The QuickStart guide contains this example:
Linear-chain Conditional Random Field for part-of-speech tagging
http://factorie.cs.umass.edu/usersguide/UsersGuide200QuickStart.htmlobject ExampleLinearChainCRF extends App {
class Label(val str:String, val token:Token) extends LabeledCategoricalVariable(str){...}
class LabelSeq extends scala.collection.mutable.ArrayBuffer[Label]
val labelSequences: List[LabelSeq] = ...
val trainer = new BatchTrainer(model.parameters, new ConjugateGradient)

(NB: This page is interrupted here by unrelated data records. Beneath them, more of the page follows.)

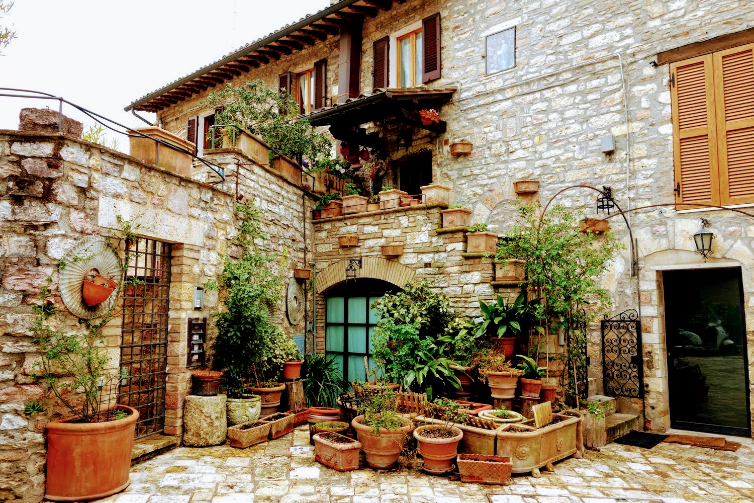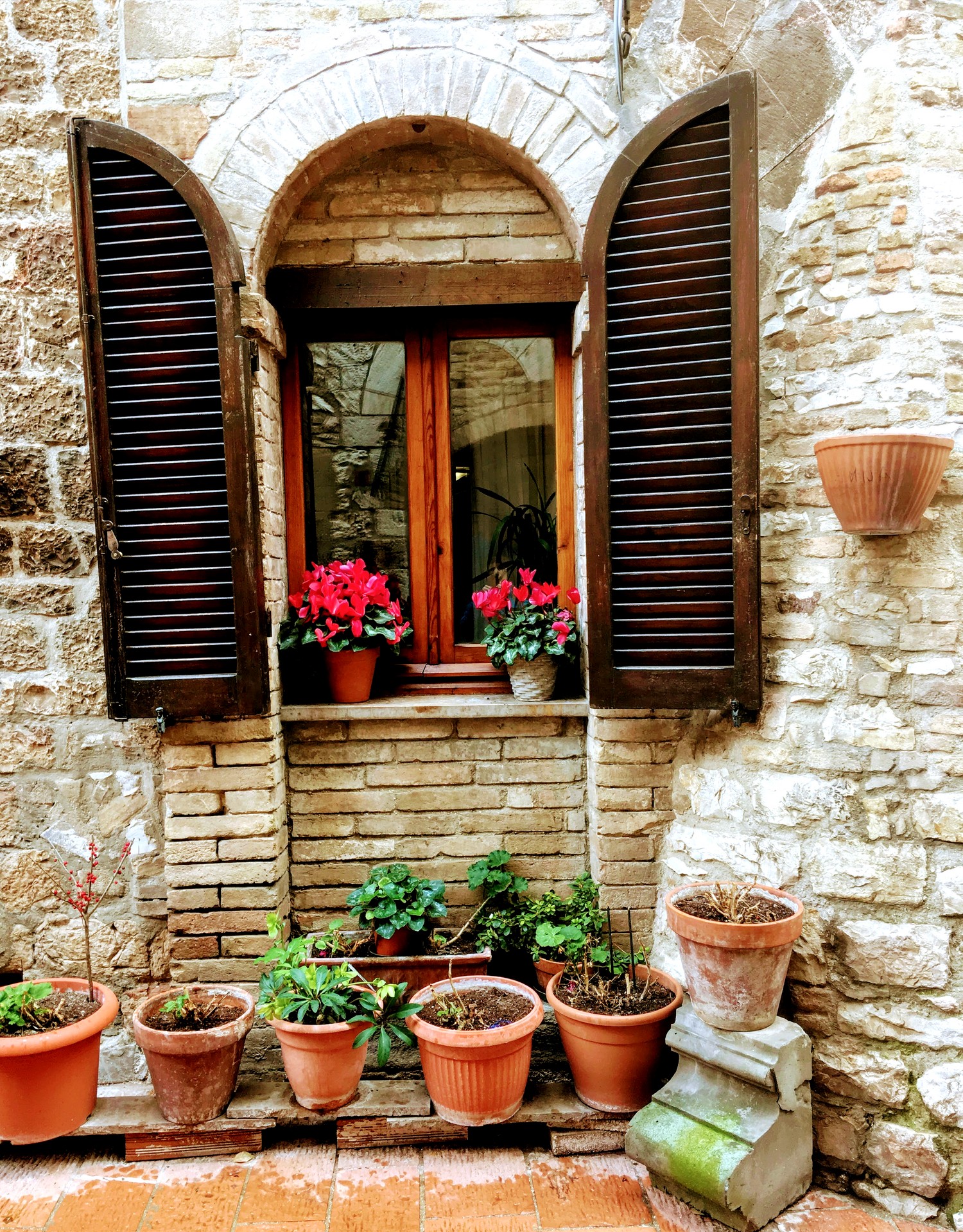 Старые домики в глубинке Италии с облупившимися стенами, потемневшими от времени ставнями и обветшалыми окнами как нельзя лучше подчеркивает великолепие цветочных композиций. (Ассизи)
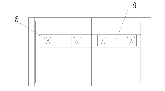 其中1、儀器臺體;2、容納腔體;3、容納腔體內(nèi)部;4、檢修門;5、通風(fēng)孔;6、插座;7、引線孔;8、導(dǎo)線槽;
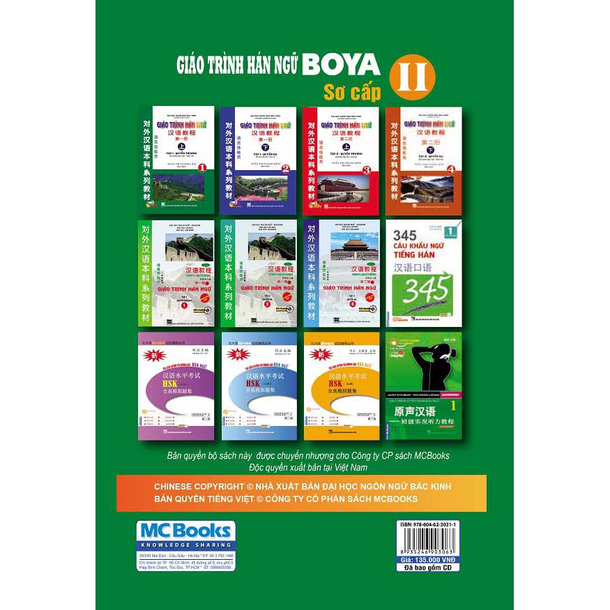 Công ty phát hành MCBOOKS Tác giả Nhiều Tác Giả Ngày xuất bản 08-2016 Kích thước 19 x 27 cm Nhà xuất bản Nhà Xuất Bản Đại Học Quốc Gia Hà Nội Loại bìa Bìa mềm Số trang 227 Lưu ý Sách không còn kèm CD mà thay bằng ứng dụng trên điện thoại SKU 2395967015777 Giáo Trình Hán Ngữ Boya Sơ Cấp II Quyển sách này thuộc trình độ sơ cấp – nằm trong bộ giáo trình “Hán ngữ Boya” bộ sách này cung cấp cho học sinh một lượng kiến thức cơ bản và các hạng ngữ pháp sơ cấp. Lượng kiến thức tron sách giúp học sinh có thể nâng cao trình độ một cách nhanh chóng như tăng vốn lượng từ, củng cố tri thức, dùng ngữ pháp hiểu sâu hơn về văn hóa xã hội Trung Quốc, trau dồi kĩ năng giao tiếp. Cuốn sách bồi dưỡng kĩ năng đọc viết cho học sinh, qua đó học sinh còn tích lũy được nhiều tri thức văn hóa Hán ngữ. Mỗi bài học được chia ra các đơn nguyên. Mỗi đơn nguyên bao gồm các bài. Trước đơn nguyên có phần luyện, sau đơn nguyên là bài tập. Hoạt động luyện tập, đơn nguyên có hình thức đa dạng, mục đích giúp học sinh nhớ lại tri thức ngôn ngữ đã có hoặc chuẩn bị cho việc học đơn nguyên mới. Nội dung bài học trong mỗi đơn nguyên có liên quan với nhau. Mỗi bài đều có từ mới bài khóa, điểm ngôn ngữ và bài tập tương ứng. Về từ mới cung cấp cho học sinh từ tính, phiên âm và nghĩa tiếng Anh, một số từ còn giải nghĩa bằng tiếng Hán, vận dụng nhiều thi phạm phong ogys. Luyện tập từ mới chủ yếu giúp học sinh xây dựng được mối quan hệ hình âm và nghĩa trong chữ Hán. Đối tượng bài tập chủ yếu là từ trọng điểm. Bài khóa của mỗi đơn nguyên đều đi kèm bài tập, mục đích là hướng dẫn học sinh trước hết là hiểu nội dung bài khóa, tập trung chú ý vào ý nghĩa của nó, tiến tới chú ý vào hình thức ngôn ngữ. Ngoài bài tập về nội dung bài khóa còn cung cấp cho học sinh luyện tập giao tiếp trong tình huống thực tế của mình, để hộc ính liên hệ được giữa nội dung bài khóa với cuộc sống hiện thực. Trọng điểm ngôn ngữ của các bài bao gồm ba phần: – Giải thích giản yếu – Câu ví dụ – Bài tập. #sachhanngu #giaotrinhhanngu #giaotrinhtronbo #hanngu #tap1 #phienbanmoi #tuhoc #tiengtrung #HSK #hanngumoi #sach #giaotrinhhanngutap1 #ngoaingu #sachhoc #giaotrinhhanngutap1quyenthuong #giaotrinhhannguphienbanmoi #hanngu1 #tronbogiaotrinhhanngu
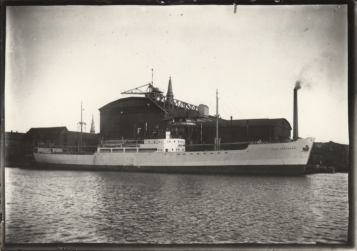 Foto i svartvitt visande lastmotorfartyget "OLAF FOSTENES" av Haugesund vid kaj i Köpenhamn, troligen under senare hälften av 1930-talet.
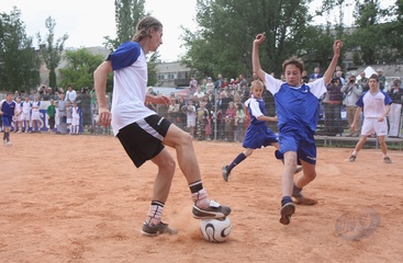 Ebi Smolarek w pokazowym meczu z dziecmi na warszawskiej Pradze, Warszawa 2008
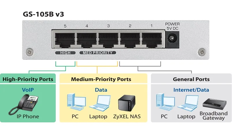 GS-105B v3 оборудован 3 портами QoS со встроенным механизмом high-priority и medium-priority для стабильной работы VoIP и обмена данными. Если присоединить к этим портам IP-телефон, компьютер или сетевое хранилище, то вы получите высокое качество связи VoIP и обмена данными.
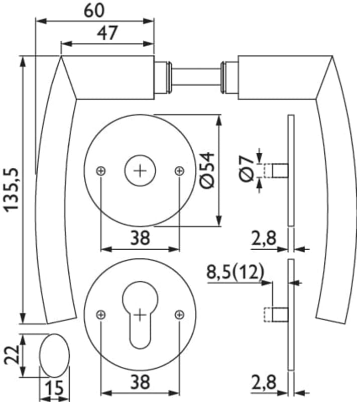 • 3 mm flaches Rosettendesign passend für Standard Rosettenbohrungen
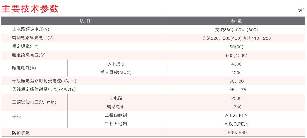開關(guān)設(shè)備主電路方案共32組118個(gè)規(guī)格(見表2).不包括由于輔助電路的控制與保護(hù)的變化而派生的方案和規(guī)格。包括了發(fā)電、供用電和其它電力用戶的需要,額定工作電流為4000A,適合2500kVA及以下的配電變壓器選用。
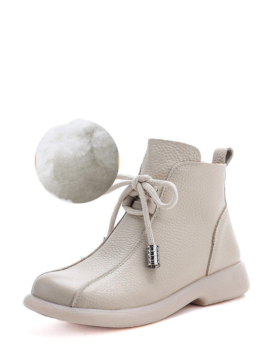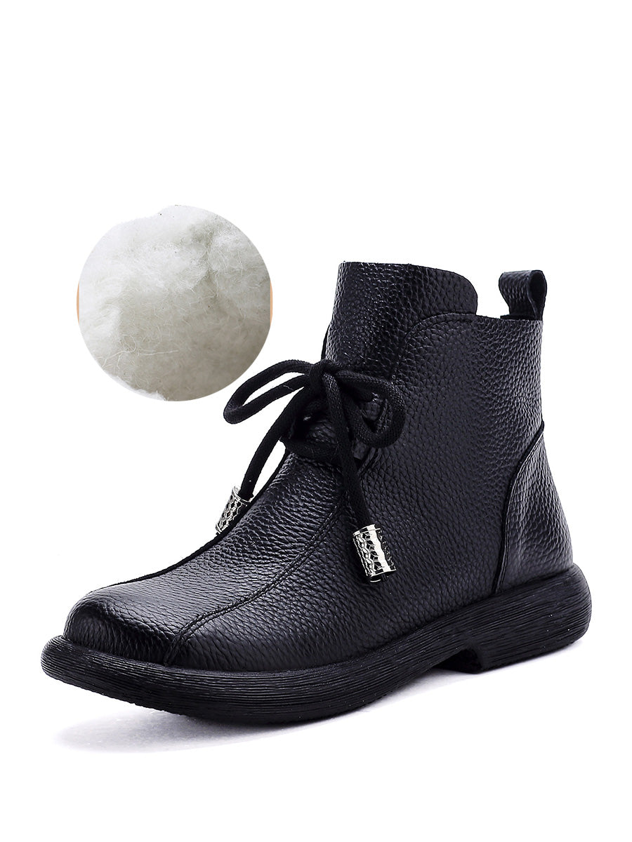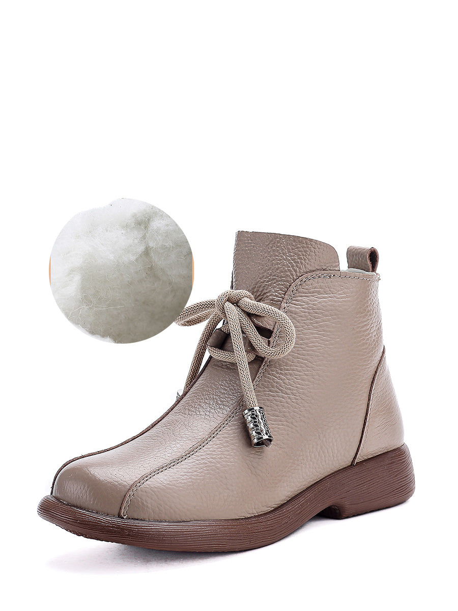 Ženske retro zimske čizme od prave kože s niskom petom
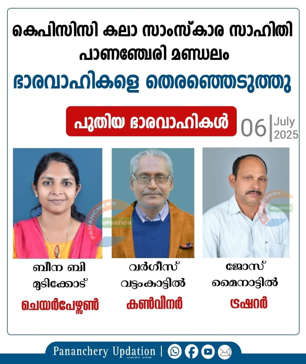 കെപിസിസി കലാ സാംസ്കാര സാഹിതി പാണഞ്ചേരി മണ്ഡലം ചെയർപേഴ്സൺ ആയി ബീന ബി മുടിക്കോടിനെ തെരഞ്ഞെടുത്തു. കൺവീനർ വർഗീസ് വട്ടംകാട്ടിലിനെയും , ട്രഷററായി ജോസ് മൈനാട്ടിലിനെയും നിയമിച്ചതായി സംസ്കാര സാഹിതി തൃശൂർ ജില്ലാ ചെയർമാൻ ഗിന്നസ് സത്താർ ആദൂർ, ജില്ല കൺവീനർ അനിൽ സമ്രാട്ട് എന്നിവർ അറിയിച്ചു. പാണഞ്ചേരിയിലെ പൊതുപ്രവർത്തന രംഗത്ത് വ്യത്യസ്ത മേഖലയിൽ സജീവമായി പ്രവർത്തിക്കുന്നവരും കലാരംഗത്തുള്ളവരുമാണ് ഭാരവാഹികളായി തെരഞ്ഞെടുക്കപ്പെട്ട മൂന്നുപേരും.
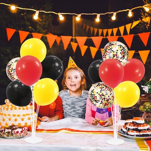 - WHAT INLCUDE: This red yellow black balloon centerpiece include 4 set balloon holders, red yellow black and confetti balloons enough for assemble 4 set. Also include balloon balloon pump, ribbons, glue dots and tying tool
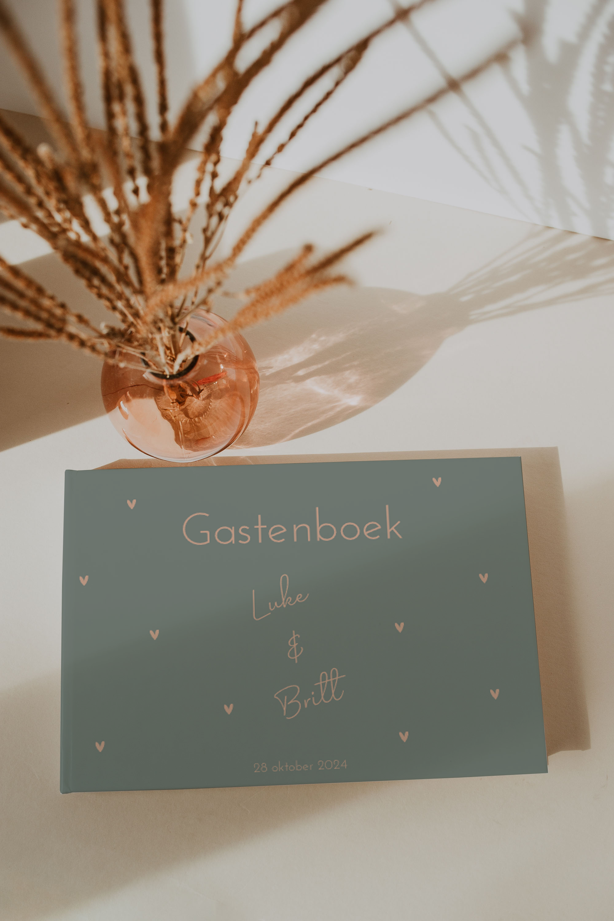 Dit gastenboek past bij de trouwhuisstijl van Luke en Britt, is groen en langwerpig met de afmeting 29,7 bij 21 cm.
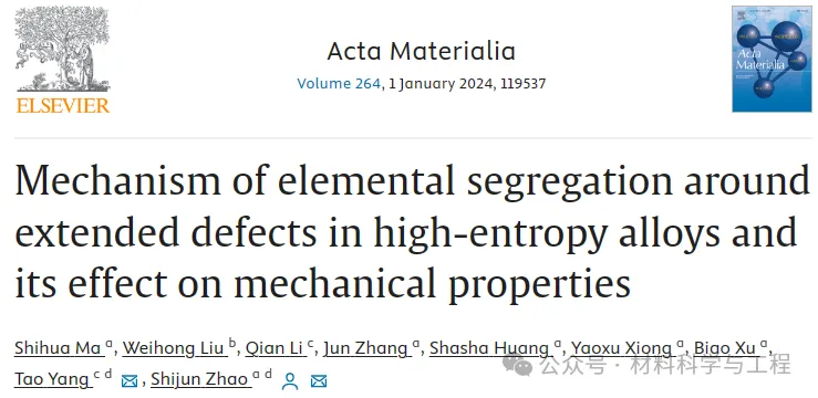 扩展缺陷,包括位错、堆积断层(SF)和晶界(GB),对工程合金的性能起着重要作用。在实践中,这些缺陷容易造成元素偏析,即局部成分浓度增加,这可能会从根本上改变材料的机械性能。对于由高浓度多种主要元素组成的高熵合金 (HEA),研究表明,扩展缺陷周围的化学偏析比传统合金更为明显,会严重影响其机械性能,如脱粘和断裂。在由多主元素组成的高熵合金(HEAs)中,围绕扩展缺陷的元素偏析很常见,这会严重影响其机械性能。在高熵合金中,偏析的驱动力通常与化学短程有序(CSRO)的形成相竞争,这使得阐明偏析机制具有挑战性。
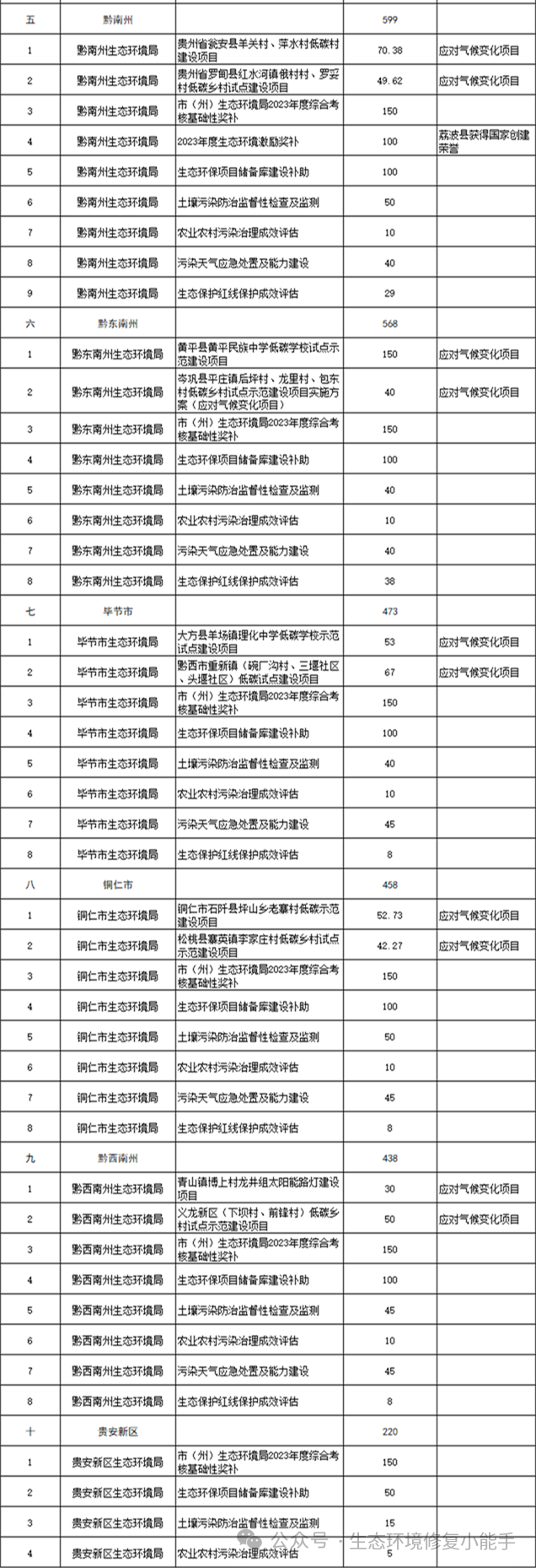 2.提前下達(dá)2024年貴州省生態(tài)環(huán)境保護(hù)專項(xiàng)資金安排情況表
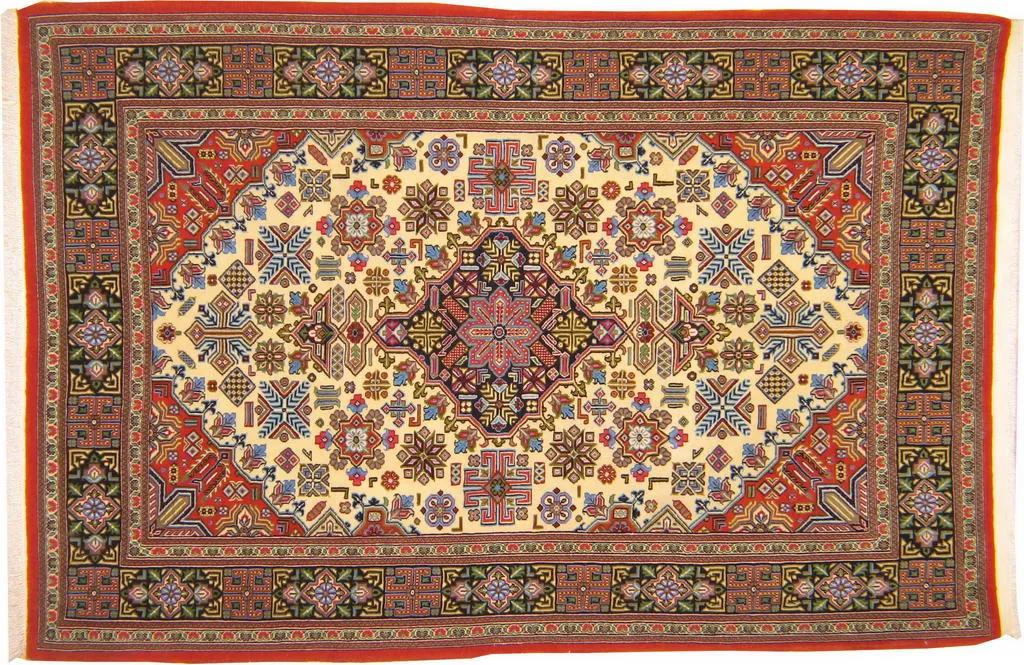 Alfombra persa. Anudada a mano. region de Ghom, Lana Virgen. Medidas: 158×102 cm.
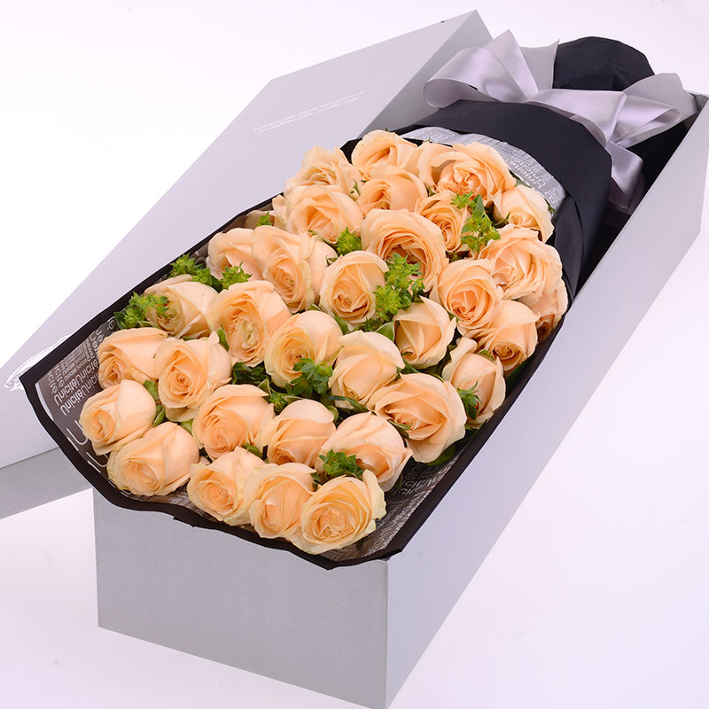 【温柔的爱】33枝香槟玫瑰,黄莺点缀。
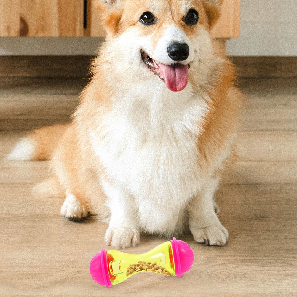 Nieszczelny projekt pozwala zwierzętom jeść podczas zabawy, co wzbudza zainteresowanie psa zabawą.
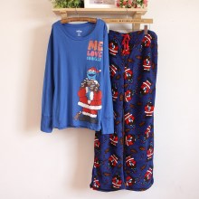 大码女装男装长袖家居服卡通套装打底睡衣秋冬蓝绿情侣装1
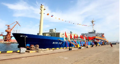 2020年,大連造船將散貨船改裝而成的“民德”號交付。這是具有完全自主知識產(chǎn)權(quán)的舷側(cè)開孔式養(yǎng)殖工船。交船的同時,簽約了10+8艘大型養(yǎng)殖工船項目。
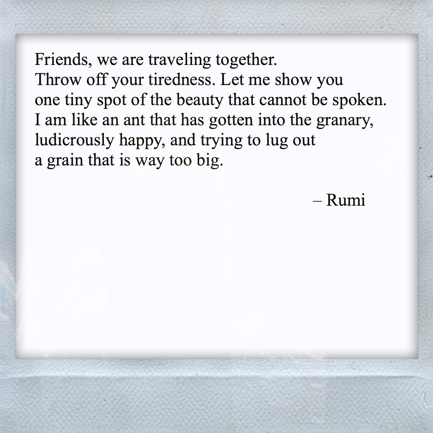 Finally, another book I’m reading an entry from every day is this one, A Year with Rumi: Daily Readings by Coleman Barks. Don’t come at me with all the controversy with Barks’s translations, I know about them and, this year at least, I don’t care. When Mary Oliver died a few years ago, this wonderful little profile ran in Parabola. In it we learn Barks was Mary’s friend, and that she began every day reading one of the entries from this book. So if it was good enough for Mary, I decided, it would be good enough for me. Probably at least half of the daily readings are beyond my capacity to understand, but just the other day was this one … and I love it.
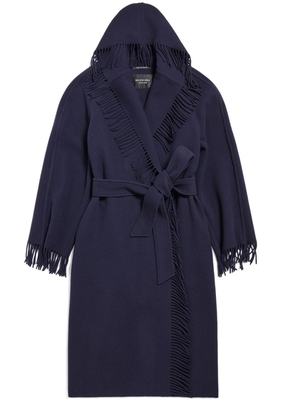 fringed-edge wool coat Highlights - Navy blue - Virgin wool - Felted - Fringed edge - Slouchy hood - Wrap design - Front tie fastening - Long sleeves - Belted waist - Mid-length - Straight hem Made in Italy Composition Virgin Wool 100% SIZE & FIT FittingInformation Designed to be unstructured, offering a loose fit throughout The tie fastening gives an adaptable and personalised fit Made from a midweight non-stretch fabric This piece fits true to size – take your usual size Measurement BUST 52 in(132.1 cm) LENGTH 45.98 in(116.8 cm) WAIST 55 in(139.7 cm) SLEEVE LENGTH 25.98 in(66 cm)

trainer.trainFromExamples(labelSequences.map(labels => new LikelihoodExample(labels, model, InferByBPChain)))
// infer
labelSequences.foreach(labels => BP.inferChainMax(labels, model))
labelSequences.foreach(_.foreach(l => println(s"Token: ${l.token.value} Label: ${l.value}")))
}
so, there is a training part and an inference part.
The inference part should taken as input a list of token, and return a list of tagged tokens (token and label).
However, in this example, the BP.inferChainMax takes as input the list of already tagged tokens.
It does not make sense to me.
Can you please explain this example?
Once we have the trained model, how we give it an input of tokens to get a list of tagged tokens?